*** RECORDED INFORMATION

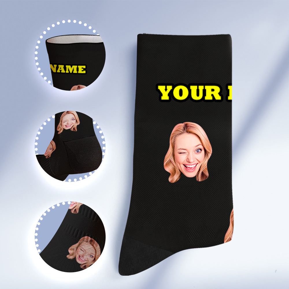 Custom Socks with Face Photo Gifts-Black
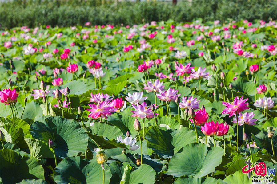 七八月份,正是荷花競相盛開的季節(jié),寧夏沙湖景區(qū)利用淺灘和鹽堿地種植觀賞性荷花,在湖東游線深處打造了西北沙漠旁的“萬畝荷花苑”,為景區(qū)夏日增添一抹韻味。成片的荷花在西北的驕陽下熠熠生輝,構成“接天蓮葉無窮碧”的塞上秀美荷塘景觀。
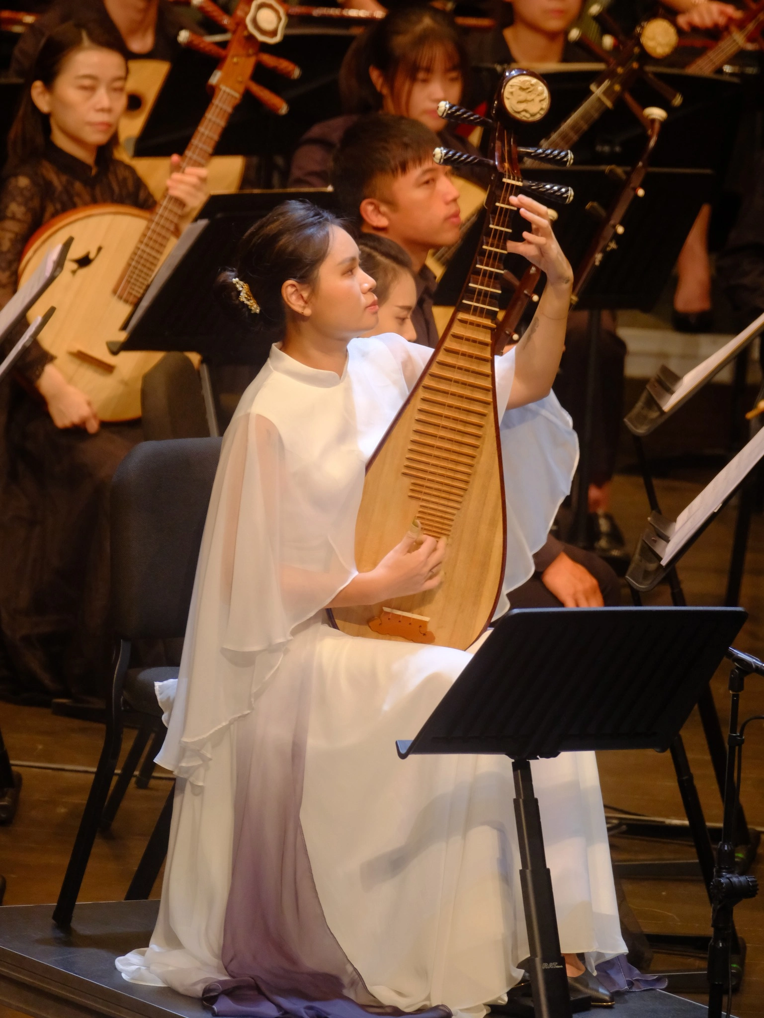 亮點曲目如《武聖》、《聽香》展現出嗩吶演奏家林裕朋、笛演奏家陳乙萱與琵琶演奏家石丞玉精湛技藝;而《我們飛》、《姊妹島》、《劉家古厝》等作品更猶如台灣豐富多樣的聲音地景,傳遞著台灣土地的文化溫度。此次合作不僅是藝術上的交流,更象徵城市間的友好與連結,桃園市國樂團將持續以音樂為橋,串聯城市,擁抱多元,共創文化新篇章
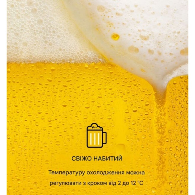 - РК-дисплей для відображення внутрішньої температури (фактична температура пива може відрізнятися)

******

EXERCISE DIRECTIONS =>
Would you mind transcribing the material exactly, without the pictures?

WORKED SOLUTION =>
 Custom Socks with Face Photo Gifts-Black
 七八月份,正是荷花競相盛開的季節(jié),寧夏沙湖景區(qū)利用淺灘和鹽堿地種植觀賞性荷花,在湖東游線深處打造了西北沙漠旁的“萬畝荷花苑”,為景區(qū)夏日增添一抹韻味。成片的荷花在西北的驕陽下熠熠生輝,構成“接天蓮葉無窮碧”的塞上秀美荷塘景觀。
 亮點曲目如《武聖》、《聽香》展現出嗩吶演奏家林裕朋、笛演奏家陳乙萱與琵琶演奏家石丞玉精湛技藝;而《我們飛》、《姊妹島》、《劉家古厝》等作品更猶如台灣豐富多樣的聲音地景,傳遞著台灣土地的文化溫度。此次合作不僅是藝術上的交流,更象徵城市間的友好與連結,桃園市國樂團將持續以音樂為橋,串聯城市,擁抱多元,共創文化新篇章
 - РК-дисплей для відображення внутрішньої температури (фактична температура пива може відрізнятися)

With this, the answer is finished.